*EXERCISE OBJECTIVE*.
Exact copies of the lines from the one with "CEILING LIGHT (FATIMA'S" through the last line of the entries, and no pictures, make up the answer.
= = = =
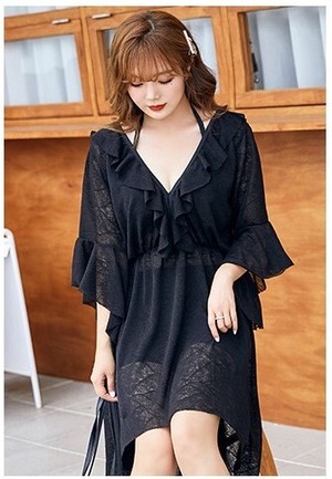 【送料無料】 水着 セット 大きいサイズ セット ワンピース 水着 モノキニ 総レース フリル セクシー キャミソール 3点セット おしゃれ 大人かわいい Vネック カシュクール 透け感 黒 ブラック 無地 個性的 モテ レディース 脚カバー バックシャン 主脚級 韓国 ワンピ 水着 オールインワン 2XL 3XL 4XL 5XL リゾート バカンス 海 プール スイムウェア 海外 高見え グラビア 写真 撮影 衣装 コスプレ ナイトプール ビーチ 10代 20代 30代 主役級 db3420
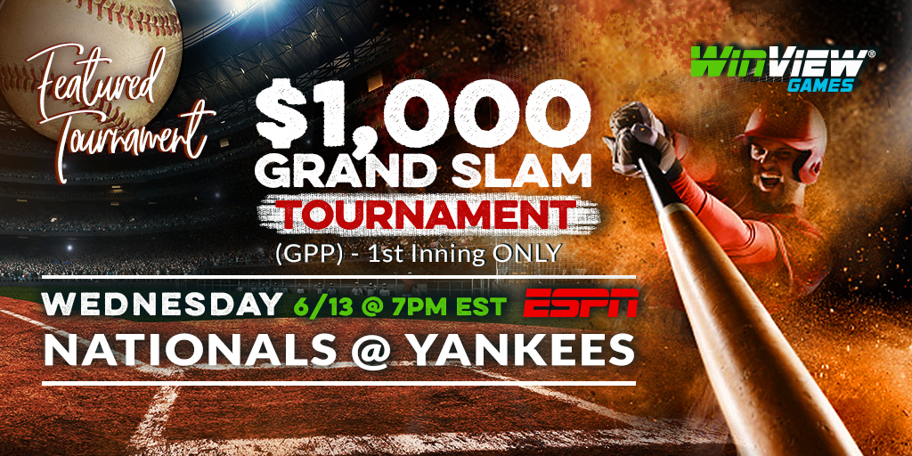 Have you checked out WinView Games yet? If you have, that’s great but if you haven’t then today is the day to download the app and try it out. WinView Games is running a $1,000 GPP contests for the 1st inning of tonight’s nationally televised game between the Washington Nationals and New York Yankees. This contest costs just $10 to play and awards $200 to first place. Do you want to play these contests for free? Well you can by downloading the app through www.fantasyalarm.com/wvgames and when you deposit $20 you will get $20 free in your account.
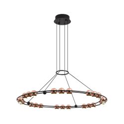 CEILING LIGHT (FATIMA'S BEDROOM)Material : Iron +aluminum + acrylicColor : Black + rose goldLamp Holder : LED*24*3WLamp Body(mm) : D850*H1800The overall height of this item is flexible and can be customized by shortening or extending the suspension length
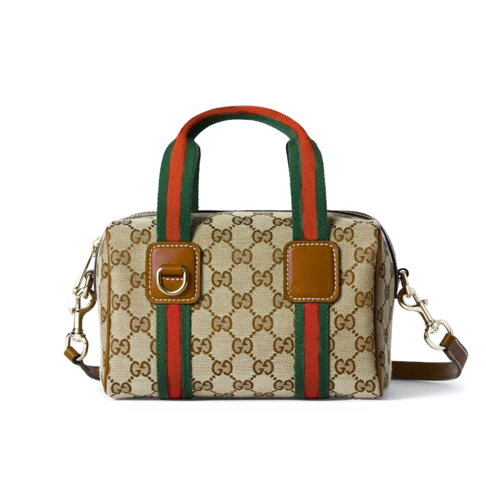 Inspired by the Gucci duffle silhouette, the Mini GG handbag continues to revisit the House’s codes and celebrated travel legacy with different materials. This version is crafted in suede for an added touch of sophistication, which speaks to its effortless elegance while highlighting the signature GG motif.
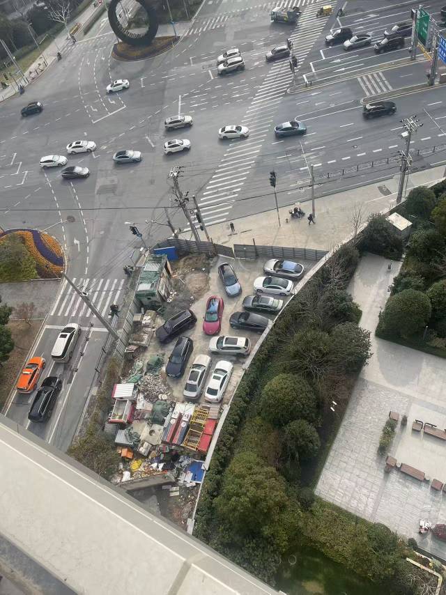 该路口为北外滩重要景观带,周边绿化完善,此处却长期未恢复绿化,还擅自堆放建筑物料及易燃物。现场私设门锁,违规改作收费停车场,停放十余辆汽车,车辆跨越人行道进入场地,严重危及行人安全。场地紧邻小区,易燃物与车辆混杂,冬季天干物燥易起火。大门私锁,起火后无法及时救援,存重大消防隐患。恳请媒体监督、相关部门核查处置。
= = = =
*RESULT OF THIS TASK*.
 CEILING LIGHT (FATIMA'S BEDROOM)Material : Iron +aluminum + acrylicColor : Black + rose goldLamp Holder : LED*24*3WLamp Body(mm) : D850*H1800The overall height of this item is flexible and can be customized by shortening or extending the suspension length
 Inspired by the Gucci duffle silhouette, the Mini GG handbag continues to revisit the House’s codes and celebrated travel legacy with different materials. This version is crafted in suede for an added touch of sophistication, which speaks to its effortless elegance while highlighting the signature GG motif.
 该路口为北外滩重要景观带,周边绿化完善,此处却长期未恢复绿化,还擅自堆放建筑物料及易燃物。现场私设门锁,违规改作收费停车场,停放十余辆汽车,车辆跨越人行道进入场地,严重危及行人安全。场地紧邻小区,易燃物与车辆混杂,冬季天干物燥易起火。大门私锁,起火后无法及时救援,存重大消防隐患。恳请媒体监督、相关部门核查处置。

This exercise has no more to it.